While the full company accounts required by company law have to prepared by the director(s) of the company and approved by the members in a general meeting, a company which qualifies as a small or medium sized company (as defined by Article 2435-bis of the Italian Civil Code) may file a shorter set of ‘abbreviated’ accounts at the Registrar od Company (Registro delle Imprese), thereby limiting the amount of information held at the public registry.

A company automatically qualify to file abbreviated accounts unless it exceeds for two accounting years consequently, at least two of the following thresholds:

  • Net assets exceeding: € 4,400,000.00
  • Turnover exceeding: € 8,800,000.00
  • At least 50 employees

The accounts must be accompanied by a Director’s Report (nota integrativa), which is a statement by the director(s), explaining that figures indicated in the accounts and, if the company is audited, by a report prepared by the auditors.

Audit Requirements

Italian private limited companies (società a responsabilità limitata), which do not qualify to file the abbreviated account or are subject to file consolidated accounts or are part of a group that exceeds the limit shall appoint an internal auditor.

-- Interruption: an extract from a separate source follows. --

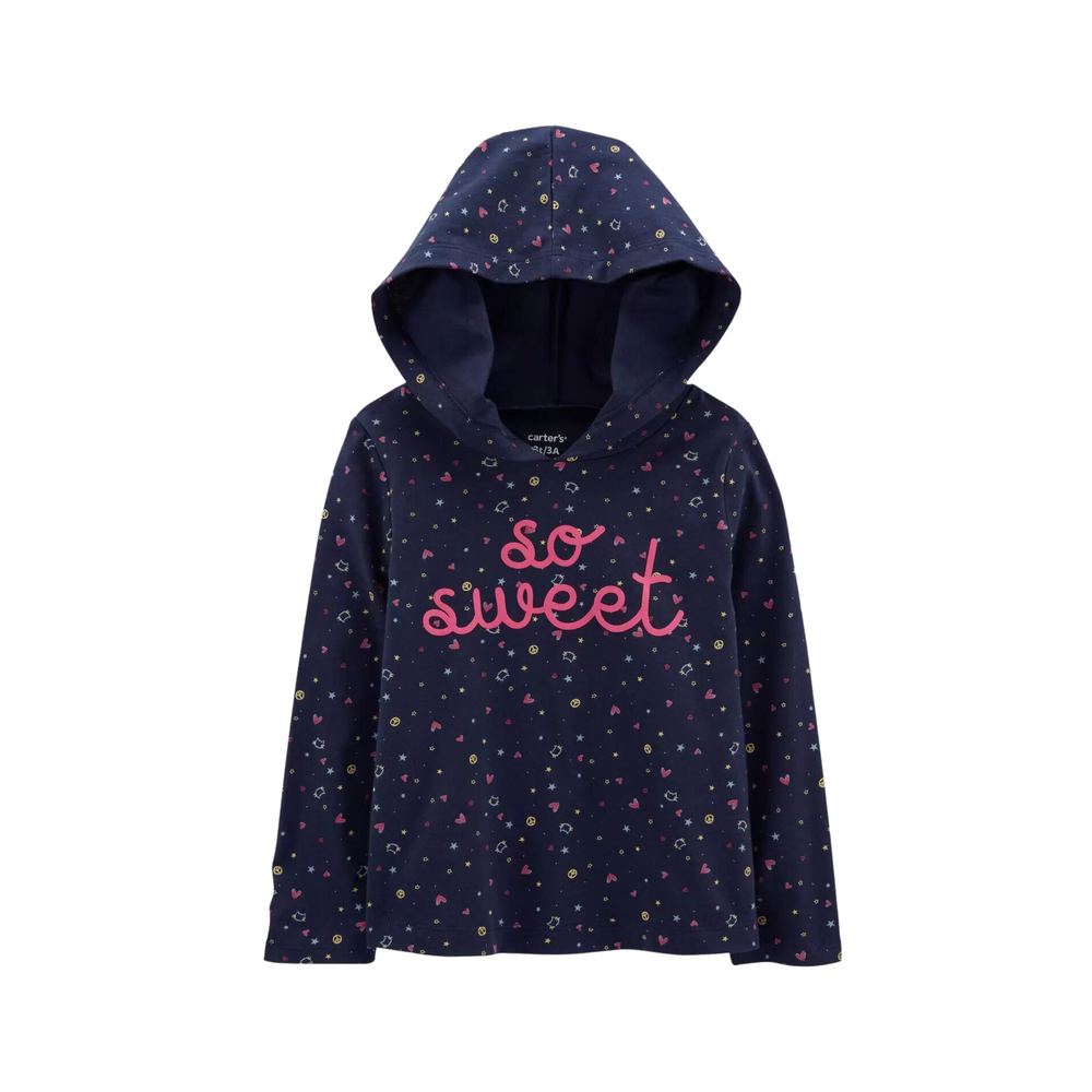 Descubra nuestra adorable blusa de mangas largas con capucha "So sweet" de Carter's para niña. Hecha de suave algodón, esta blusa ofrece comodidad y estilo. Perfecta para mantenerla abrigada y con un toque dulce en su guardarropa. ¡Ideal para las más pequeñas!

Italian public limited companies (società per azioni) regardless of whether their stock are listed in a stock exchange shall appoint an internal board of auditors composed of al least 3 member one of which must be a registered in the Italian Register of Auditors.

In addition, companies that are required to file consolidated accounts shall also appoint an external auditor.

Auditing is required for:

  • Joint Stock Limited companies (S.p.A.); and
  • Private limited companies (S.r.l.) with exceeding two of the following limits in 2 consecutive years (a)) total assets of: EUR 2 million; (b) sales and services revenues of: EUR 2 million; or (c) average number of employees during the year: 10, or should the S.r.l. control a company subject to statutory audit;
  • All companies drawing up consolidated financial statements;
  • Listed companies;
  • Banks, stock broking companies, fund management companies, regulated financial institutions.

The audit of the financial statements (“revisione legale dei conti”) shall be performed in accordance to the Italian Law (Art. 2409 bis of the Italian Civil Code) and the auditing standards issued by the Italian Institute of Chartered Accountant (CNDCEC, Consiglio Nazionale dei Dottori Commercialisti ed Esperti Contabili) which equate with the International Standards on Auditing (ISAs) issued by the International Federation of Accountants (IFAC).

In addition, before being applicable, the Italian auditing standards need to be approved by the Italian Stock Exchange Authority, CONSOB (Commissione Nazionale per le Società e la Borsa).

In Italy, an audit can be performed by the Board of Statutory Auditors (“Collegio Sindacale”) that may be in charge of both supervision of compliance with the law and the Articles of Association and with the statutory audit of the financial statements.

However, the two tasks can be also split and assigned to two different bodies: the supervision can be given to the Collegio Sindacale and the audit of the financial statements (including the quarterly checks on the accounts) can be given to an audit firm or an auditor.

The separation of these two tasks is compulsory for listed companies and companies required to prepare consolidated financial statements.